Hello! I'd appreciate a bit of help with an issue...
# questions
a
Hello! I'd appreciate a bit of help with an issue that I'm facing. I have a kedro pipeline that is writing artifacts to a s3 bucket. In my project, I've got various envs; staging, dev, various experiments, etc. I'd like to separate the artifacts based on the env, but I only have one s3 bucket, so I was thinking to just do it with directories in my bucket, like so:
Copy code
"example_data_{x}_{y}":
  type: pandas.ParquetDataset
  filepath: "<s3://path/to/{ENV}/rest/of/path/example_data_{x}_{y}.pqt>"
  credentials: my_s3_creds
Currently
ENV
is an environment variable.

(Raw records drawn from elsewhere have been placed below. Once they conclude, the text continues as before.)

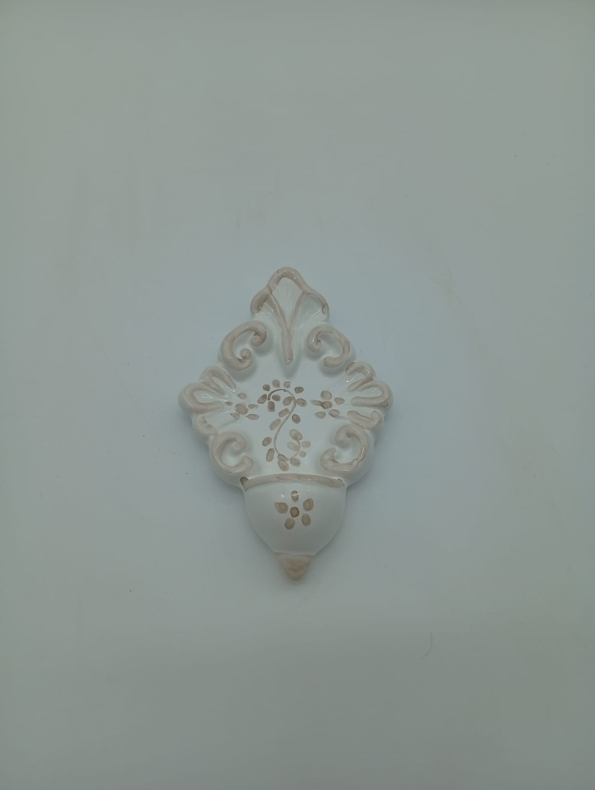 Acquasantiera in ceramica interamente decorata a mano Colore Tortora
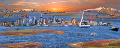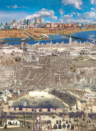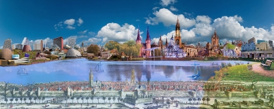 Het stadsportret is samengesteld uit verdwenen en bestaande architectuur, sculpturen en historische gebeurtenissen, historische kunstwerken en toekomstige bouwplannen. Tezamen vormt dit kunstwerk een unieke kijk op Voorburg.
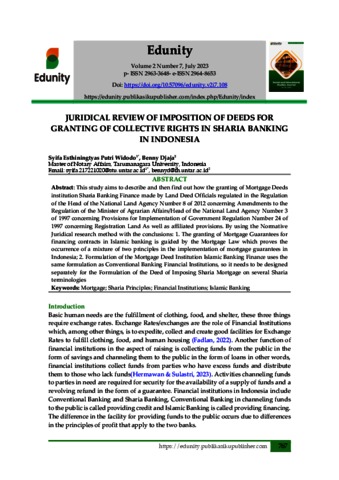 Djaja, Benny (2023) JURIDICAL REVIEW OF IMPOSITION OF DEEDS FOR GRANTING OF COLLECTIVE RIGHTS IN SHARIA BANKING IN INDONESIA. Edunity, 2 (7).
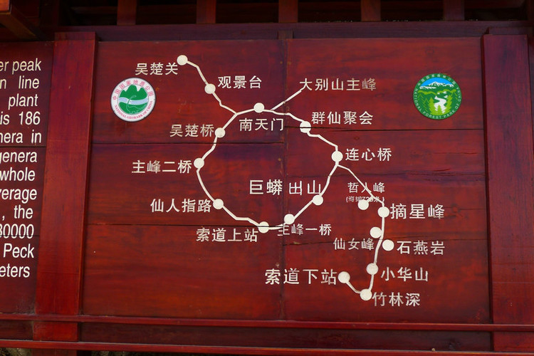 湖北境内景区地图,我们上去的时候是走索道下站(停车) →索道上站→仙人指路→吴楚桥→南天门→主峰(扎营)的线路,去安徽走的是主峰→气象站(没有在地图上)→吴楚关进安徽景区,从安徽回来走得是吴楚关→观景台→南天门(扎营)→群仙聚会→哲人峰→小华山→竹林深→索道下站(取车)
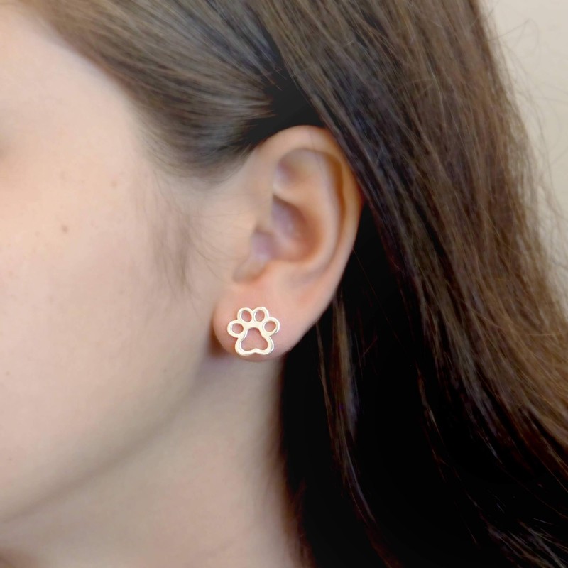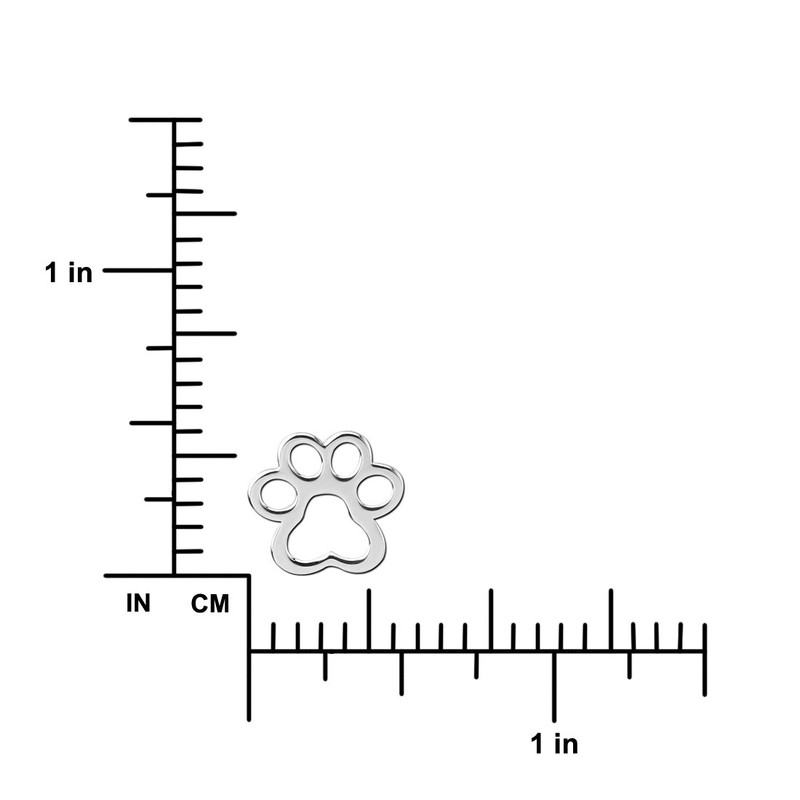 Great for the pet lover a high polished outline of a paw print. Post backing. Paw print measures 12mm (7/16 inch) tall and 13mm (1/2 inch) wide. Sterling silver.
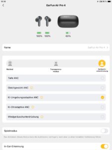 Akkulaufzeit – so lange halten die EarFun Air Pro 4 durch
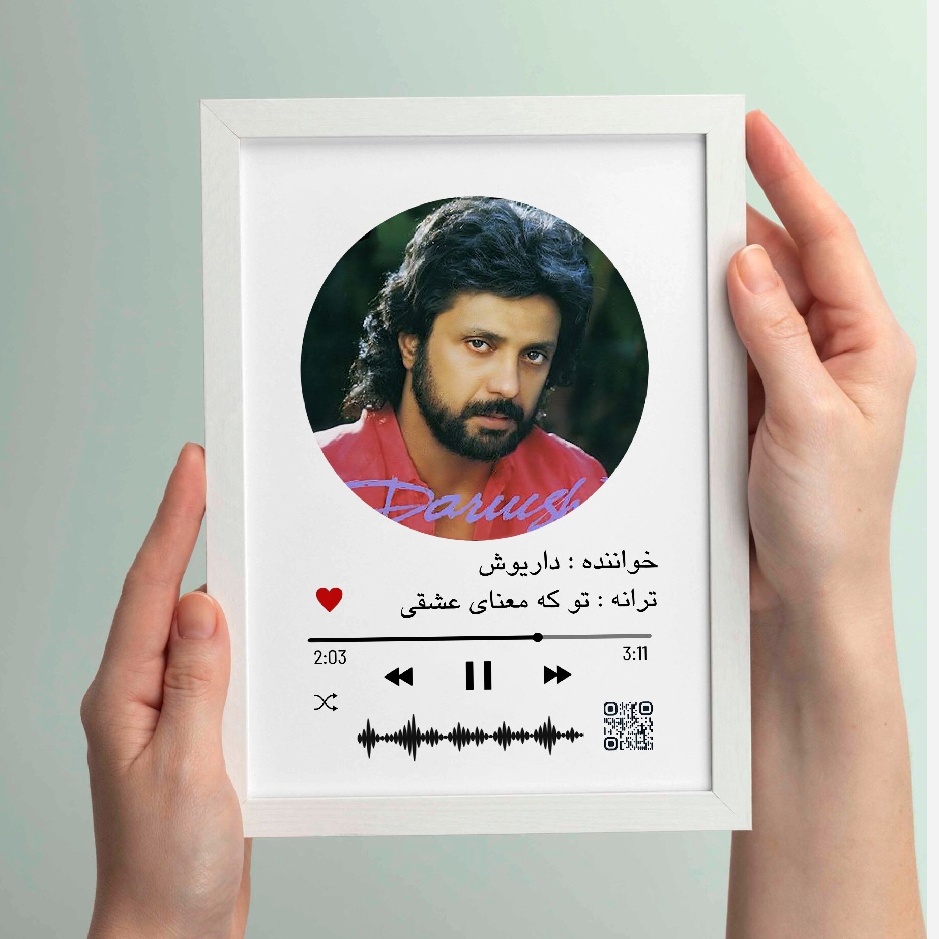 تابلوی موزیکال با طرح داریوش . قاب درجه یک و زیبا بهمراه محل آویز روی میخ. مناسب برای تزیین دیوار اتاق خواب، مغازه، کافیشاپ و هدیه به عزیزانتان . . ویژگی ها: *قاب عکس pvc درجه یک با سطح شیشه ای *چاپ بر روی باکیفیت ترین کاغذ مخصوص چاپ عکس *طراحی رایگان براساس سلیقه شما عزیزان *ایجاد بارکد برای تمامی آهنگ ها و فایل های صوتی و تصویری
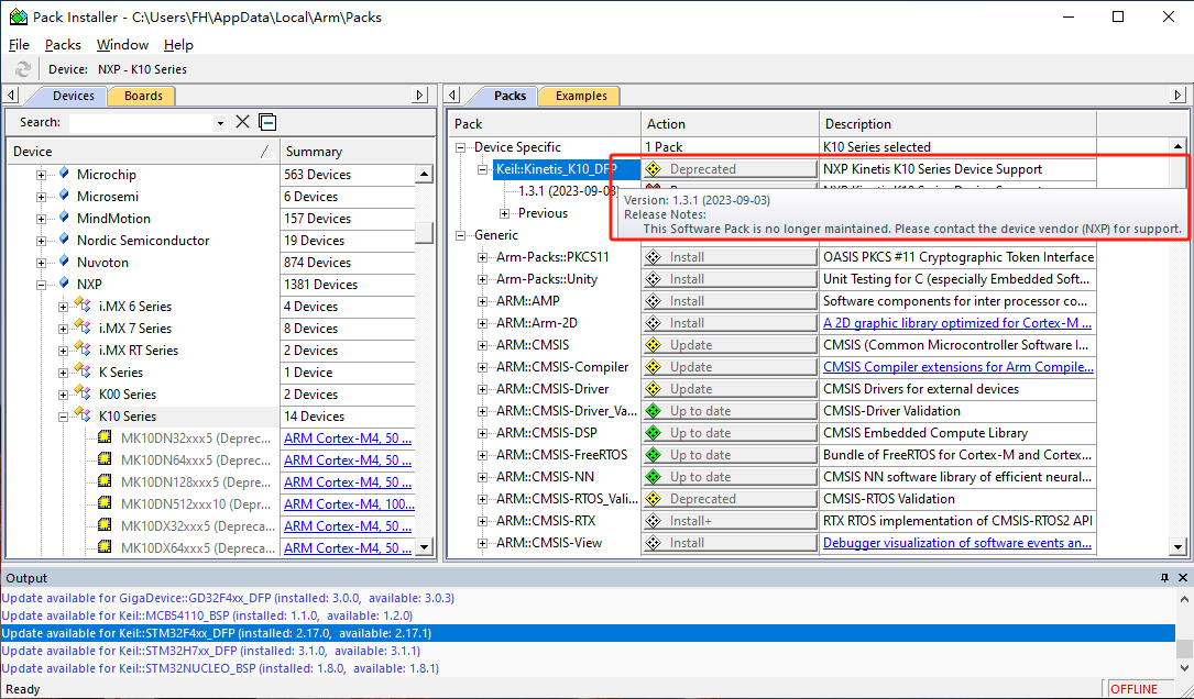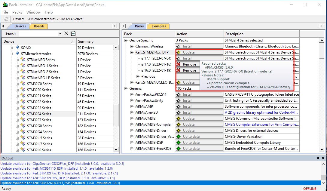 在包管理界面中,選擇要卸載的 Pack 包,(例如:STM32G4xx_DFP),并點擊 Remove,可以進行移除。
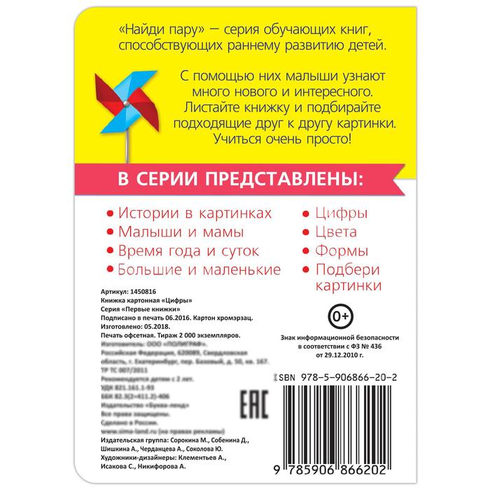Находить сходства — один из базовых принципов развития мышления и логики малышей. Именно на этой основе создана серия книг «Найди пару», странички которых разрезаны пополам. Ребёнок выбирает картинку с одной стороны и ищет ей пару, листая странички с другой. Например, к цифре три нужно найти изображение с тремя предметами.
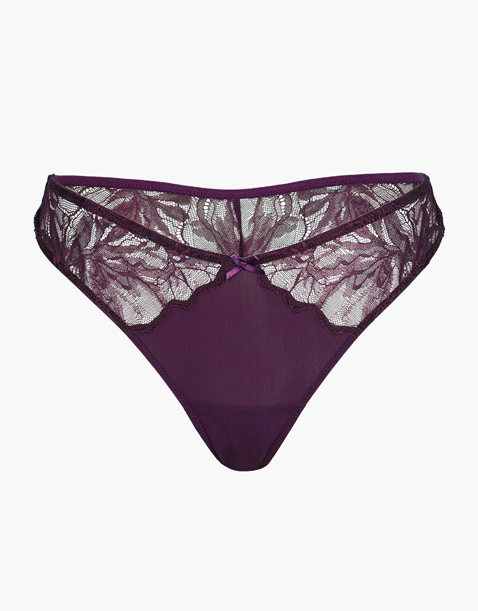 Scopri il brasiliano della collezione Graceful Lace, realizzato in pizzo, microfibra e tulle nella sofisticata tonalità vinaccia.
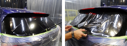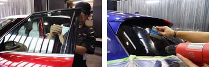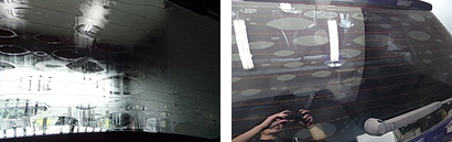 リアガラスのように湾曲した3時曲面のガラスには熱加工を施し、繋ぎ目のないキレイな仕上りを心がけて施工しています。
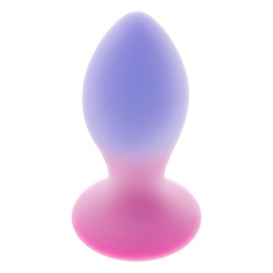 A classic tapered vibrating plug in a dual-layer silicone design. Colorful on the inside with a tran..
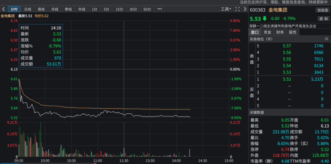 10月17日开盘后,金地集团的股价大幅下跌,盘中一度跌停。在债券市场,“16金地02”一度跌超25%,“21金地01”跌超21%,“21金地03”跌超17%。
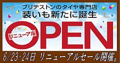 リニューアルセールまであと4日となりました!6/23~6/24の二日間は、タイヤをお買い上げの方に対象景品をプレゼント!!お買い上げ金額に応じて様々な景品をご用意していますのでご期待ください! その他のイベントも随時ご連絡させていただきます!
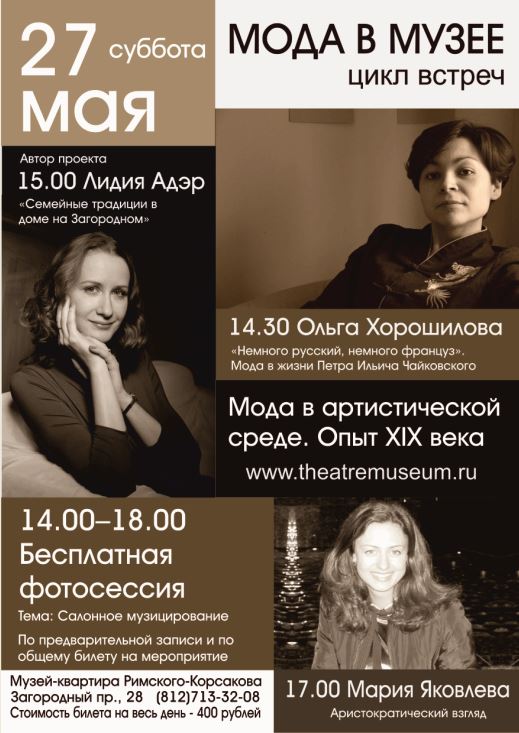 Музей-квартира Н. А. Римского-Корсакова начинает проект «Мода в Музее», посвященный не просто искусству, а искусству жить. Как носить бороду, какие шляпы годятся на разные случаи жизни, что такое верх изящества и благопристойности в модном костюме, как заваривать кофе и какой чай подавать гостям дома? Животрепещущие вопросы повседневного быта по-разному решаются в XIX и XXI веках. Но уроки старого стиля, несомненно, будут полезны и современным любителям «жить красиво». В квартире на Загородном проспекте, где семья композитора Н. А. Римского-Корсакова прожила 15 лет, среди тщательно восстановленных интерьеров и в окружении подлинных предметов быта, пройдет серия лекций историков моды, мастер-классов, дегустаций и фотосессий. Каждый модный день будет посвящен одному аспекту жизни семьи, которая стала воплощением петербургского стиля.
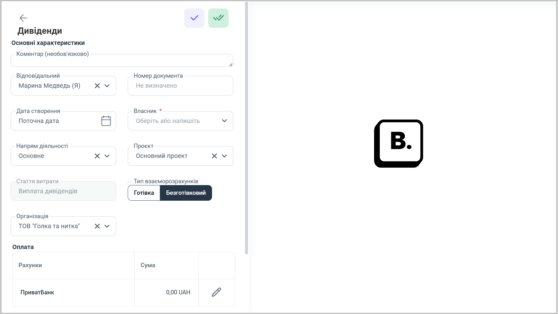 🔹Поле "Стаття витрат" недоступне для редагування, оскільки для виплати дивідендів у сервісі використовується лише одна стаття — "Виплата дивідендів".
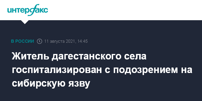 Москва. 11 августа. INTERFAX.RU - Случай заражения человека сибирской язвой зафиксирован в Карабудахкентском районе Дагестана. Об этом сообщает пресс-служба районной администрации в среду.
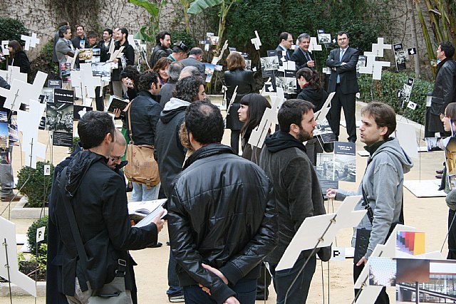 El consejero de Obras Públicas y Ordenación del Territorio, José Ballesta, acompañado por el decano del Colegio Oficial de Arquitectos de Murcia, Francisco Camino, y del gerente de la Fundación Cajamurcia, Pascual Martínez, inauguró hoy, en el convento de Las Claras de Murcia, la exposición de fotografías que muestran los trabajos galardonados en los XV Premios de Arquitectura de la Región de Murcia, un certamen que premió en 2009 las obras arquitectónicas más destacadas de la Comunidad en los dos años anteriores.
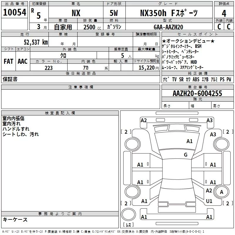 Lexus NX с аукциона Японии TAA Yokohama лот № 10054
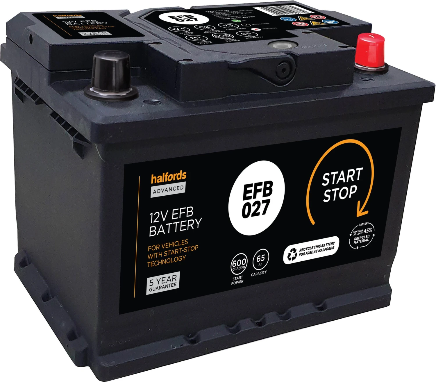 The Halfords EFB013/EFB027 Start/Stop EFB 12V Car Battery 5 Year Guarantee comes fully charged and ready to fit, and allows up to 270,000 engine starts for use with start/stop function.
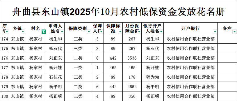现将东山镇杨家村2025年10月农村低保资金发放花名册公示如下(详见附件)。
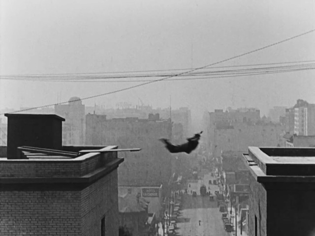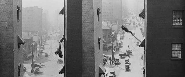 Buster swung on a hinged rainspout during The High Sign and swung from awning to awning during My Wife’s Relations. It’s easy to imagine Buster eagerly recreated these stunts on a large scale for his first feature film.
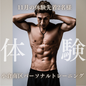 小倉南区パーソナルトレーニングから11月体験のお知らせです。
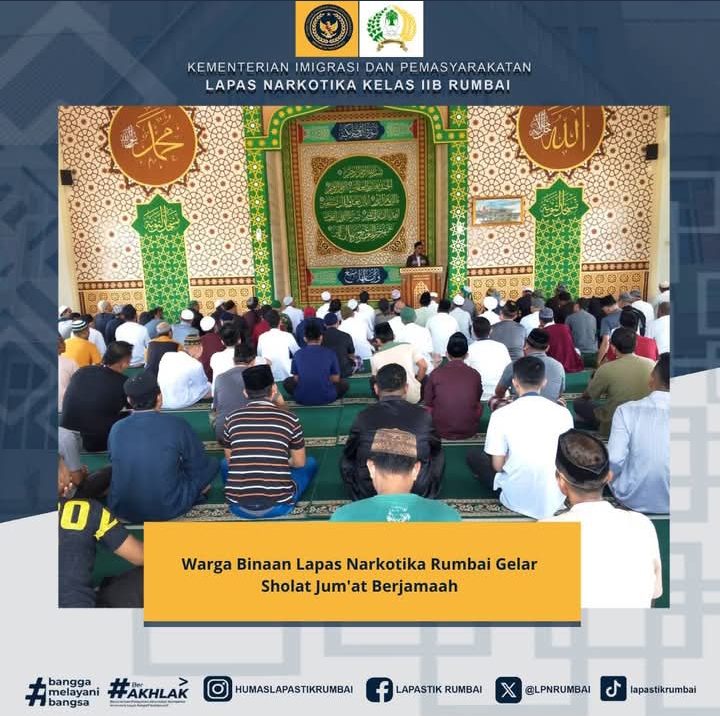Rumbai – Warga Binaan Lembaga Pemasyarakatan Narkotika Kelas IIB Rumbai yang beragama Islam yaitu melakukan Sholat Jum’at berjamaah di Masjid At-taubah Lapas Narkotika Rumbai, Jum’at (3/10/2025).
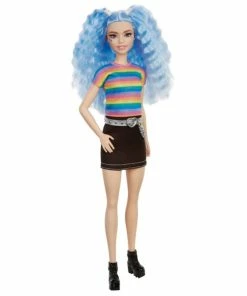 BARBIE FASHIONISTA DOLL BLUE HAIR STRIPED SHIRT
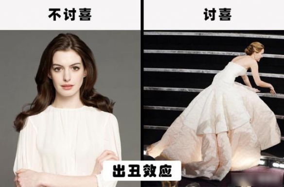 顾名思义,出丑效应指的就是那些偶尔犯点错误,出些丑的人其实要比那些完美无瑕的人更有吸引力。其实很容易理解,一个女孩无论是从外貌.性格.行为等各方面来看都是异常的完美,完美得让你觉得是你触不可及的对象,那对你来说的确太过于遥远。你更多的只会是站在远处欣赏。而反观那些在各方面同样看起来优秀,可却总是犯下一些普通人也会犯下的错误的女性。她们则会让你感觉更加的亲切和贴近你的生活,你会打从心底接受和喜欢上她。
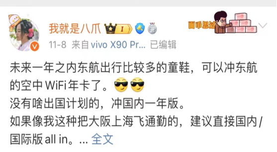 如果說“我就是八爪”代表了年輕差旅人士因公對空中WIFI的剛性需求,那么,更多年輕人則是因為純粹想提升個人飛行體驗而追求空中WIFI自由,其中留學生、旅游發(fā)燒友們、社交達人們是急先鋒。

I have figured out how to make the artifact's name dynamic, but how can I make the artifact's s3 filepath dynamic as well? Many thanks in advance! I'm using kedro
0.19.4
n
Can it be done in a static way, like literally have this configuration in all the environments you mentions with a different default? That’s one of the point of having a catalog file that describes all the data in a specific environment
a
Maybe? Maybe I never quite understood why the catalog was designed to be static, and if I understood that then I'd have my solution? As it is, I have a single code repository, and my deployment system reads my code repository and adds its own env vars, which affect what data sources (mostly SQL) that I read from and write to when the code executes. Should I have more than one catalog.yml maybe? In that case, how do I tell kedro to read one and not the other (based on an env var)?
If I try to just do this:
filepath: "<s3://path/to/${ENV}/rest/of/path/example_data_{x}_{y}.pqt>"
Then I get
omegaconf.errors.InterpolationKeyError: Interpolation key 'ENV' not found
or maybe a factory to generate catalog.yml on the fly? đŸ¤”
n
Kedro run --env? I think this is exactly why it should be static, dynamic config are hard to understand and deployment team are not the one who build the pipeline. They should have control of things that they need to control but not for configuration like hyperparameter of your model. https://docs.kedro.org/en/0.19.6/configuration/configuration_basics.html#configuration-environments Have you perhaps seen this already?
If you wish to use environment variable as config, you need to use the oc.env resolver. https://docs.kedro.org/en/0.19.6/configuration/advanced_configuration.html We suggest not to do this when possible, by default env resolver only works for credentials.
This is more adhere to the twelve factor apps principle, configuration is external to the application. It's very simple to have a shared base folder for configuration, and let your deployment team to decide how to change that.